> [THE TASK]:
Transcribe exactly the lines from the top of the records below through the line that holds "This application will", both included, with no pictures.

Segment Start: SUPPLIED DATA

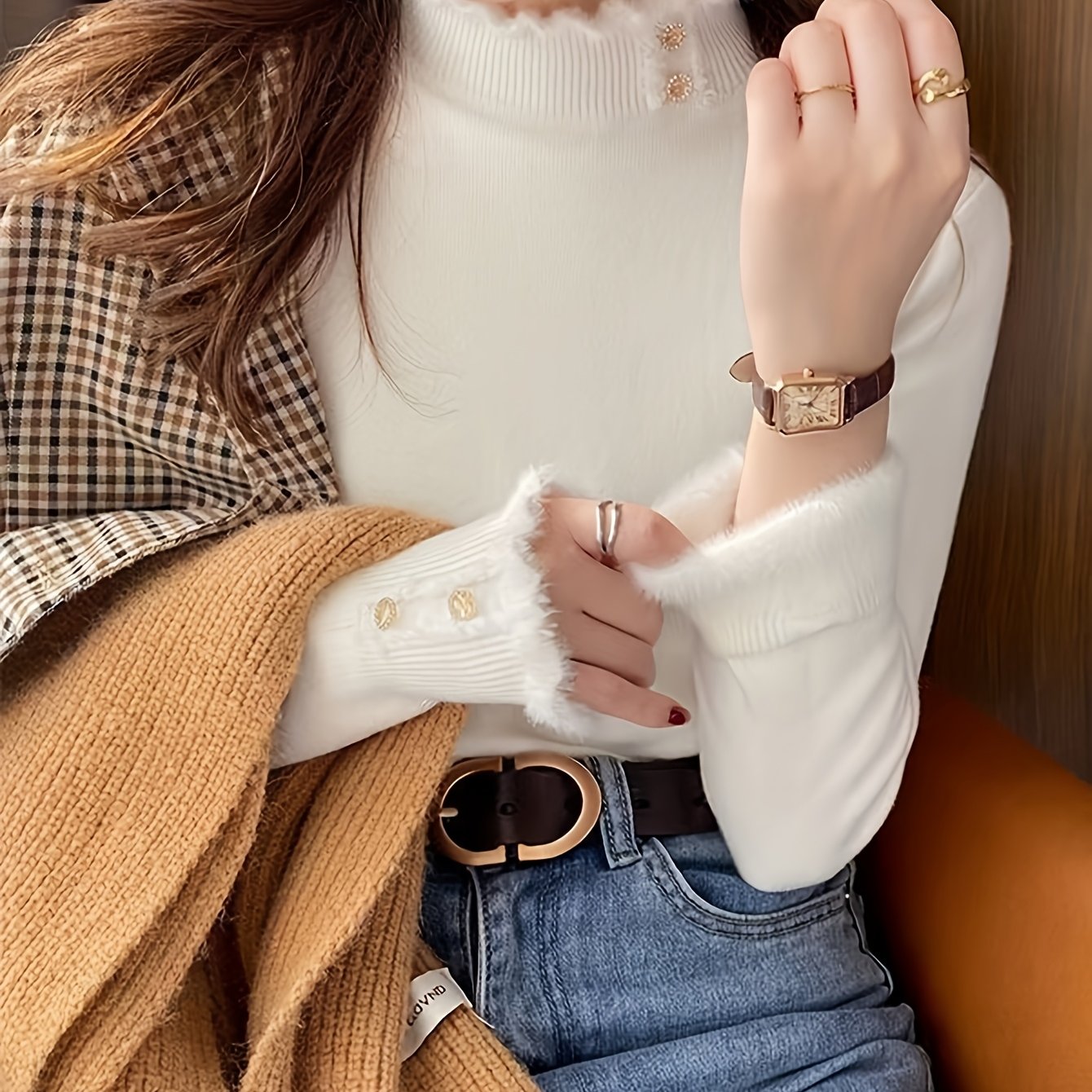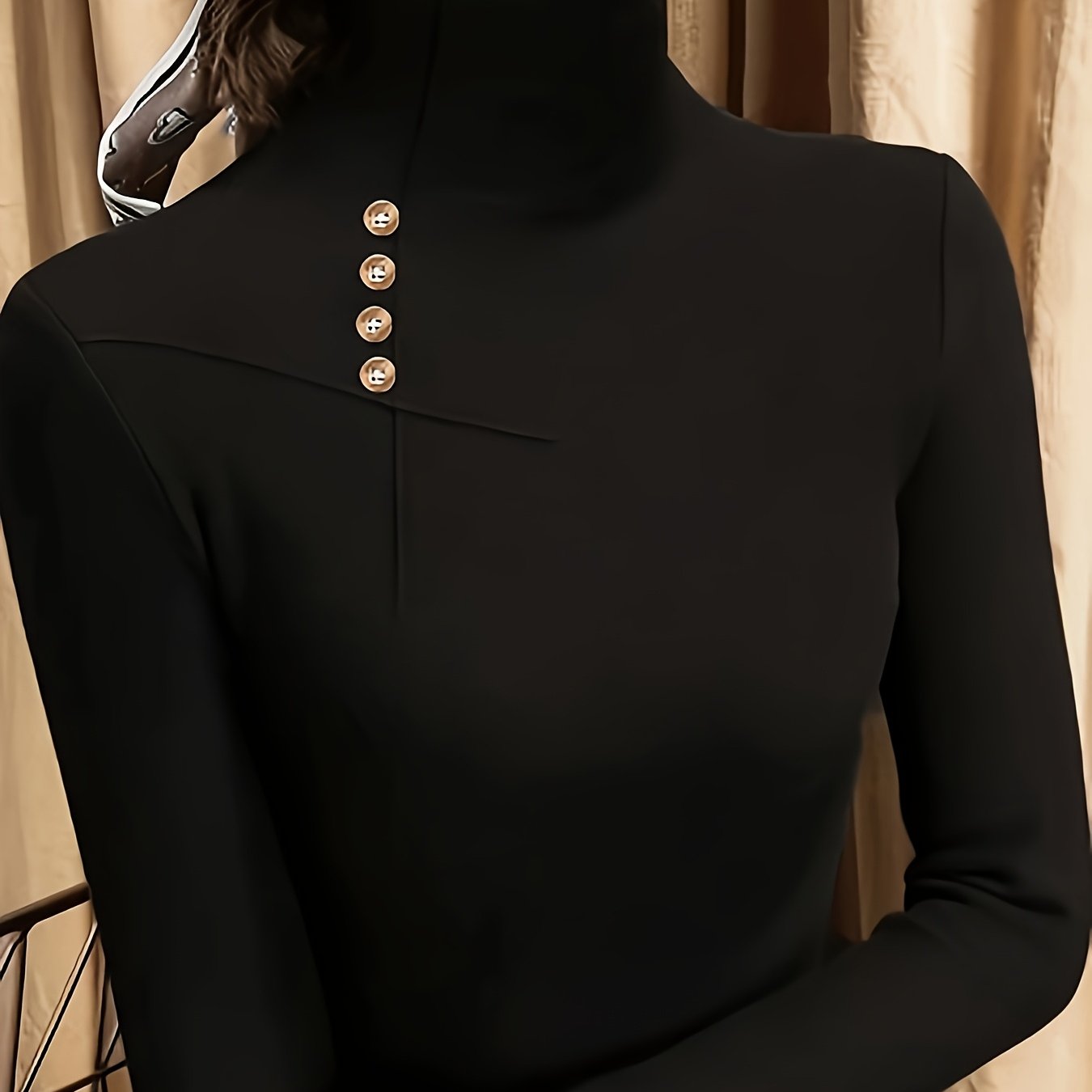 TEMU 여성용 프렌치 스타일 하프 튤/하이넥 블라우스 - 슬림 H라인 핏 버튼 프론트 클로저 겨울 베이스 레이어 탑, 드레스/스커트 레이어링용 따뜻한 긴팔, 손세탁 가능한 솔리드 컬러 엘레강스 스페셜 라인 컬렉션 (가을/겨울)
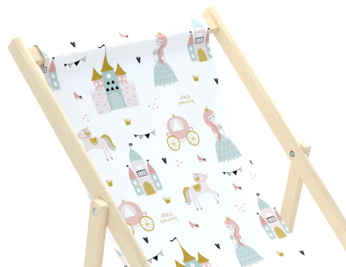 Krásné plážové lehátko s pohádkovým vzorem pohádkových princezen a zámků. Kromě princezen a zámků najdete na látce také královské kočáry, koně a drobný nápis little princess. Dětské plážové lehátko je skvělá alternativa zahradní židličky či křesílka.
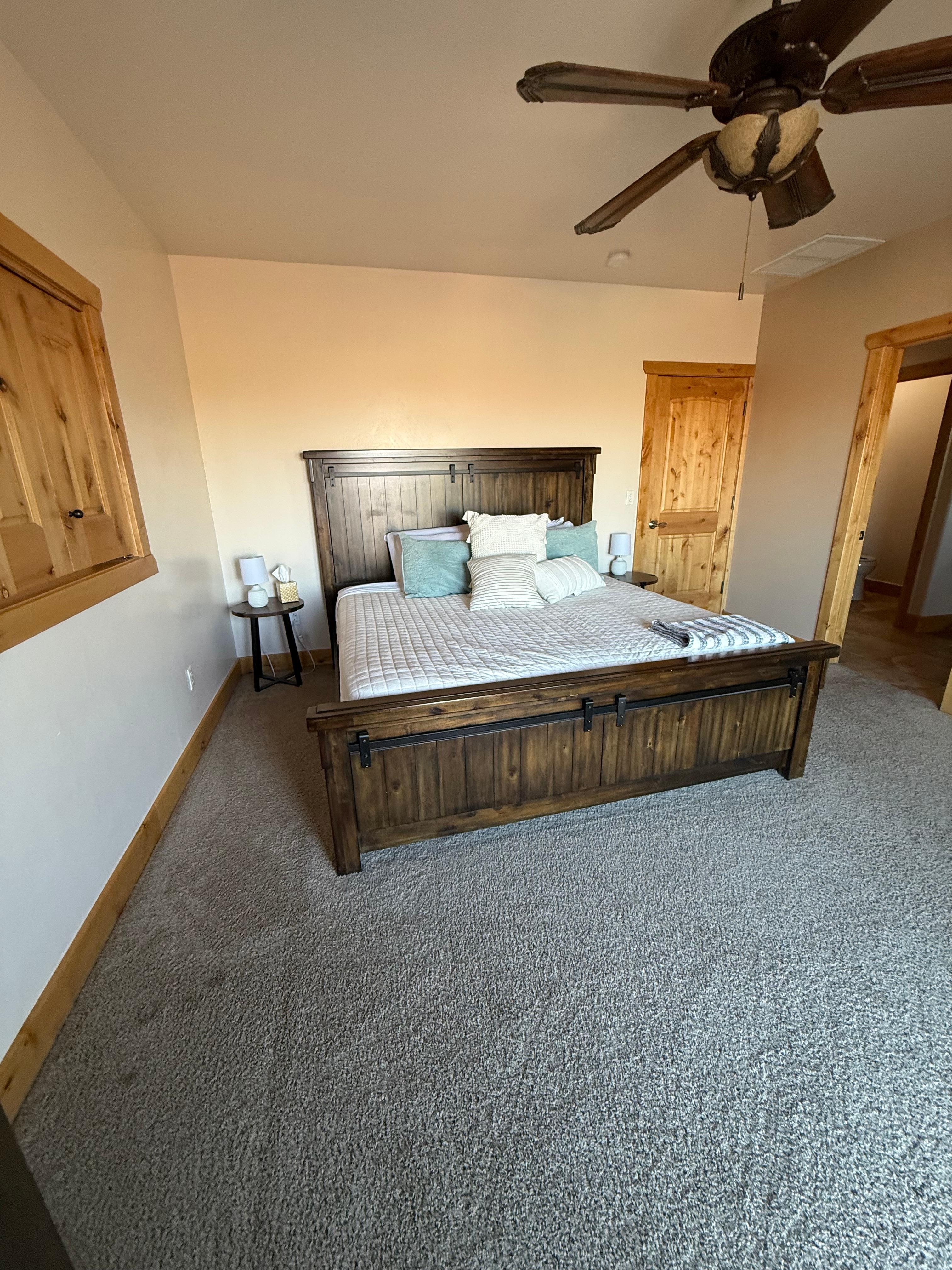 We offer 3 private bedrooms with king size beds and smart tv's. The bunkbed room is queen sized.
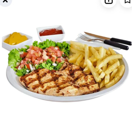 Pechuga de pollo de 200g, acompañada de papa a la francesa, arepita y ensalada.
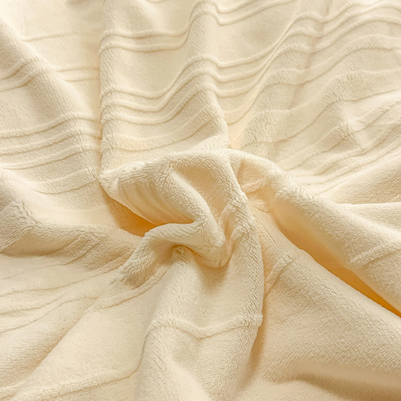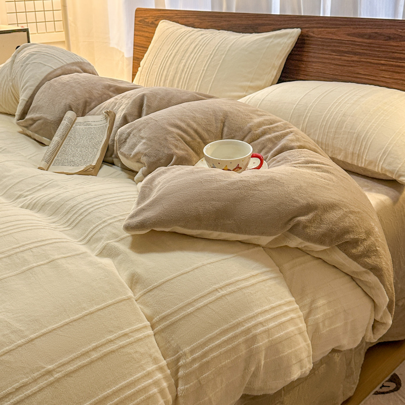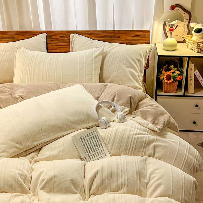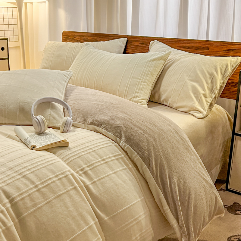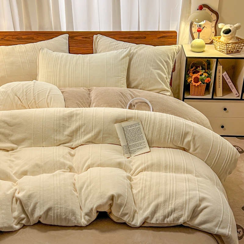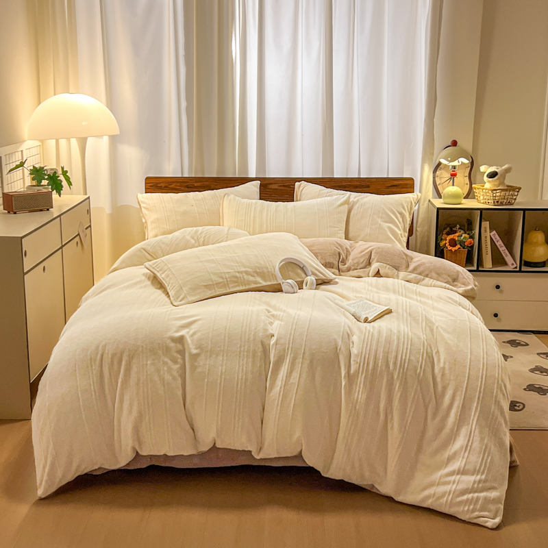 商品名称:沐晴家纺 2024秋冬新款雕花牛奶绒纯色简约轻奢四件套 简约条纹-奶白
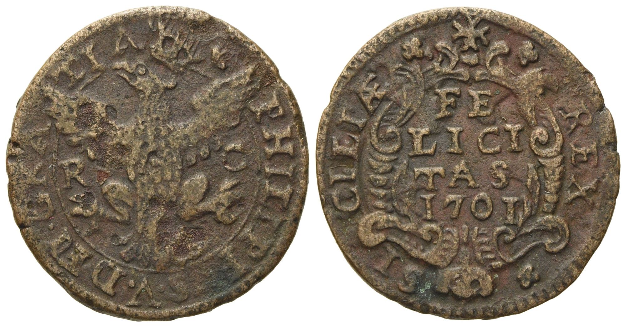 Palermo. Regno di Sicilia. Filippo V di Borbone (1701-1713). Grano 1701. Cu (5 g; 23,5 mm)
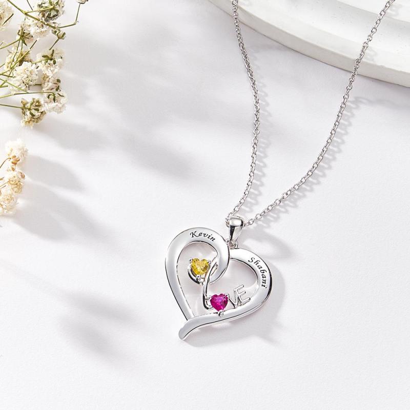 Collar De Corazón Con Piedra Natal Personalizada, Colgante De Amor Para Desfile De Moda Para Parejas
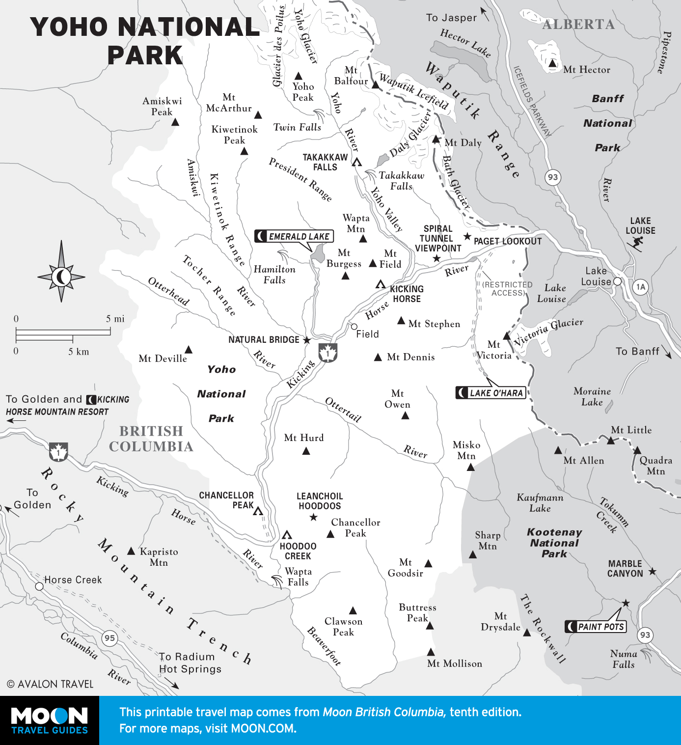 From the village of Lake Louise, the Trans-Canada Highway (Hwy-1) cuts off from Hwy-93, running west through Kamloops toward Vancouver. The first 25 mi (40 km) of this highway, west from Lake Louise and the Icefields Parkway, passes through Yoho National Park, the smallest and least known, but perhaps most feature-packed, of the contiguous Canadian Rockies parks. It’s impossible to do justice to the park in a paragraph or two, but if you like the other parks, and particularly if you enjoy backpacking, think about spending some time here too.
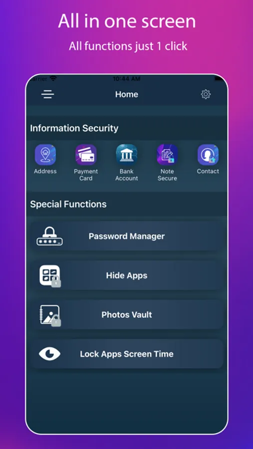 This application will help you manage all your documents as well as personal information in a confidential manner, you will use a separate password that only you know.
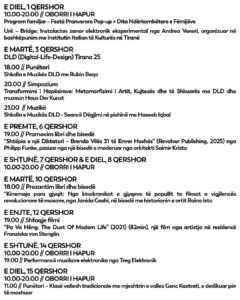 Në bashkëpunim me partnerët dhe artistët tanë rezidentë, ky muaj në Vila 31 x Art Explora sjell prezantime librash dhe biseda publike, sesione muzike, punëtori për të gjitha moshat dhe shfaqje filmash. Oborri do të jetë i hapur çdo fundjavë.
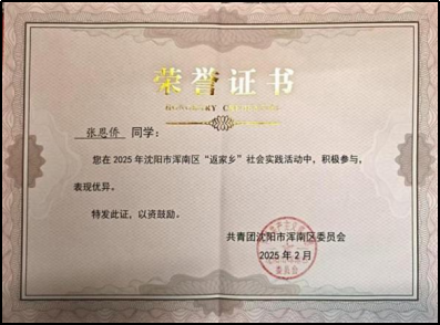 在辽宁沈阳浑南区五三街道文溯社区里,张恩侨同学既是春联书写志愿者,又是资料分类员。他参与整理多本政策法规文件,制作分类表格;在扫雪清障中扛起铁锹,在走访调研中记录民情。他用专业技能搭建社区信息桥梁,用实际行动践行微光可成炬的信念。
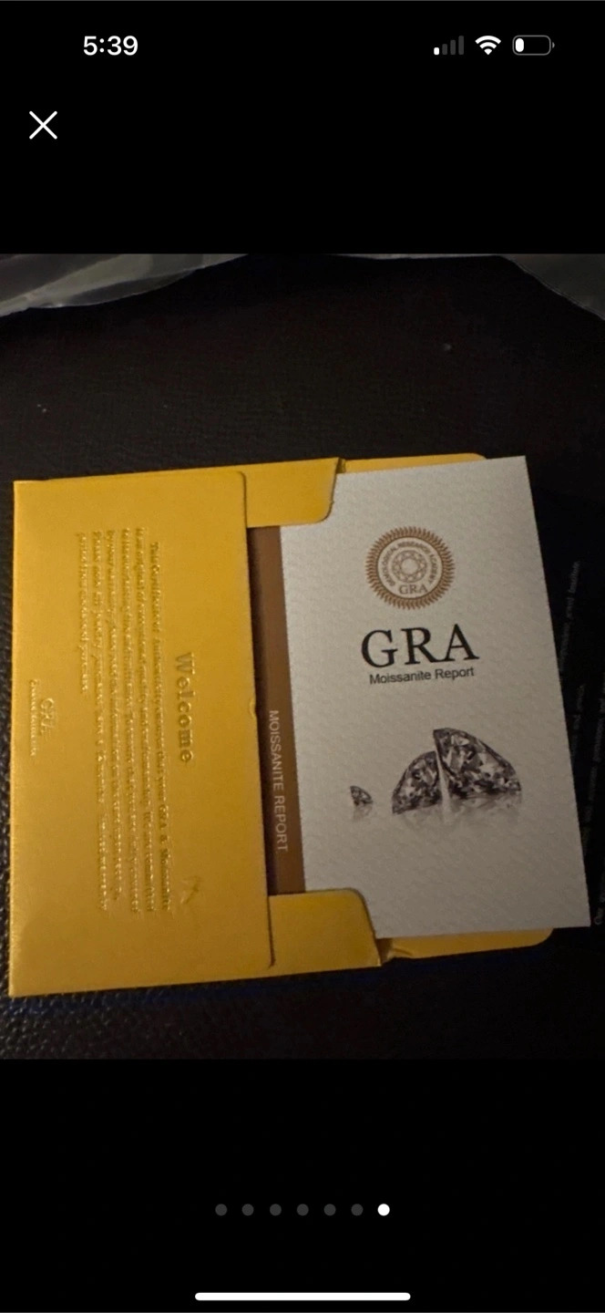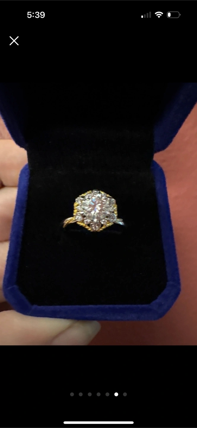 Beautiful Moissonite halo ring. Features a large center stone surrounded by smaller accent stones. 925 Gold and silver band. Comes in a blue ring box. Includes GRA certificate New

Segment End: SUPPLIED DATA

> [EXERCISE SOLUTION]:
 TEMU 여성용 프렌치 스타일 하프 튤/하이넥 블라우스 - 슬림 H라인 핏 버튼 프론트 클로저 겨울 베이스 레이어 탑, 드레스/스커트 레이어링용 따뜻한 긴팔, 손세탁 가능한 솔리드 컬러 엘레강스 스페셜 라인 컬렉션 (가을/겨울)
 Krásné plážové lehátko s pohádkovým vzorem pohádkových princezen a zámků. Kromě princezen a zámků najdete na látce také královské kočáry, koně a drobný nápis little princess. Dětské plážové lehátko je skvělá alternativa zahradní židličky či křesílka.
 We offer 3 private bedrooms with king size beds and smart tv's. The bunkbed room is queen sized.
 Pechuga de pollo de 200g, acompañada de papa a la francesa, arepita y ensalada.
 商品名称:沐晴家纺 2024秋冬新款雕花牛奶绒纯色简约轻奢四件套 简约条纹-奶白
 Palermo. Regno di Sicilia. Filippo V di Borbone (1701-1713). Grano 1701. Cu (5 g; 23,5 mm)
 Collar De Corazón Con Piedra Natal Personalizada, Colgante De Amor Para Desfile De Moda Para Parejas
 From the village of Lake Louise, the Trans-Canada Highway (Hwy-1) cuts off from Hwy-93, running west through Kamloops toward Vancouver. The first 25 mi (40 km) of this highway, west from Lake Louise and the Icefields Parkway, passes through Yoho National Park, the smallest and least known, but perhaps most feature-packed, of the contiguous Canadian Rockies parks. It’s impossible to do justice to the park in a paragraph or two, but if you like the other parks, and particularly if you enjoy backpacking, think about spending some time here too.
 This application will help you manage all your documents as well as personal information in a confidential manner, you will use a separate password that only you know.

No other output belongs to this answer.